Purpose: To assess whether tear hyperosmolarity, being diagnostic of dry eye disease (DED), is associated with specific alterations to the cytokine content of human tears that may provide a biomarker for DED.
Methods: In this prospective, cross-sectional, clinical study, participants (n = 77) were recruited from a single clinical site and categorized into groups based upon tear osmolarity status (n = 62 hyperosmolar, n = 15 normo-osmolar). Comprehensive anterior eye clinical assessments were undertaken. Concentrations of seven cytokines (IL-2, IL-4, IL-6, IL-10, IL-17A, IFN-γ, and TNF-α) in basal tears were assayed using multiplex cytometric bead array. The main outcome measure was difference in cytokine concentration between groups. Group comparisons were undertaken using 2-tailed t-tests. Cohen's effect size was calculated for each finding. Spearman correlations between cytokine concentrations, clinical symptoms, and clinical parameters of DED were calculated.

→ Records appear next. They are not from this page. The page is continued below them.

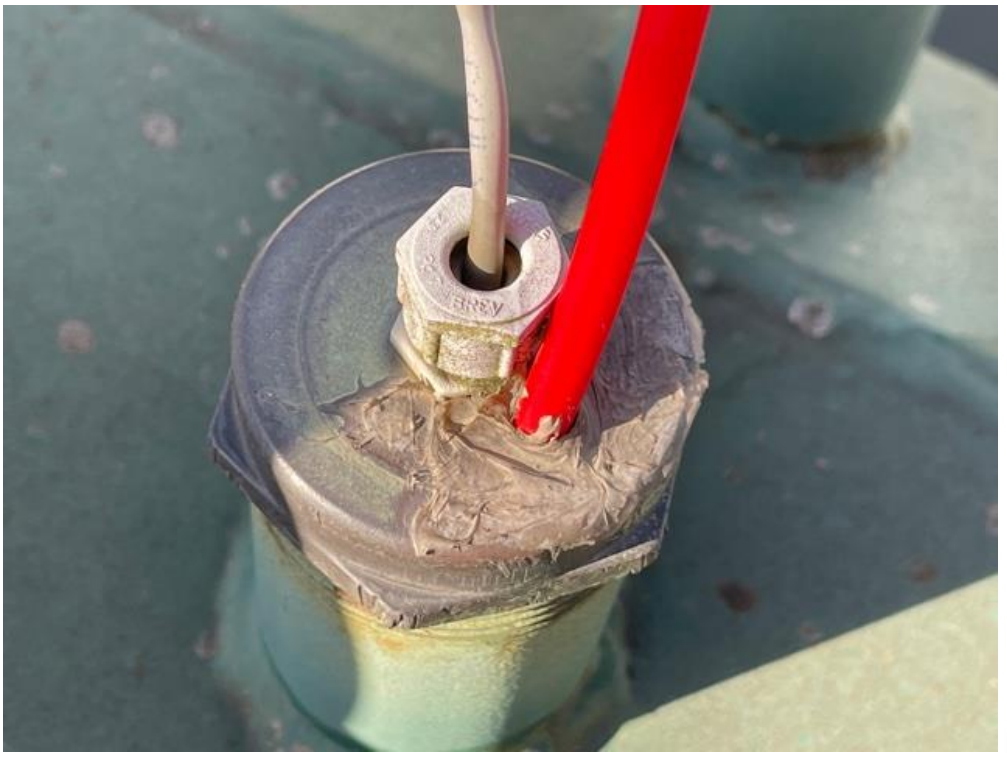
Fig 15. Gauge Pipe Inlet

Location: SAMPLE Item(s) Inspected: SAMPLE Date of Inspection: SAMPLE Page 20 of 31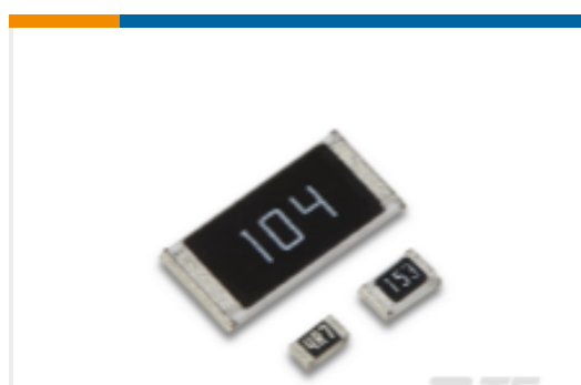
TE Part #3-2176343-3 CRGCQ 1206 4K7 1%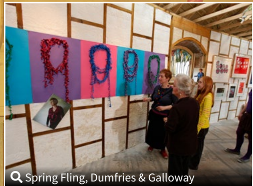
Q Spring Fling, Dumfries & Galloway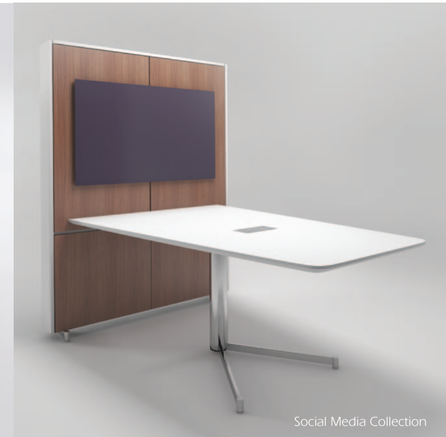
Social Media Collection

Results: Tear hyperosmolarity was specifically associated with increased tear IFN-γ levels (13.3 ± 2.0 vs. 4.4 ± 1.4 pg/mL, P = 0.03). Cohen's effect size was large (0.8) for changes to tear IFN-γ levels. Significant correlations were observed between IFN-γ concentration and each of: tear osmolarity (r = 0.34; P = 0.007), total ocular surface staining (r = 0.56, P < 0.0001), and Schirmer test score (r = -0.33, P = 0.003).
Conclusions: Tear hyperosmolarity is specifically associated with higher levels of the proinflammatory cytokine IFN-γ, which correlate with key clinical parameters of DED. The calculated effect size (0.8) suggests that this assay has diagnostic power as a biomarker for evaporative DED.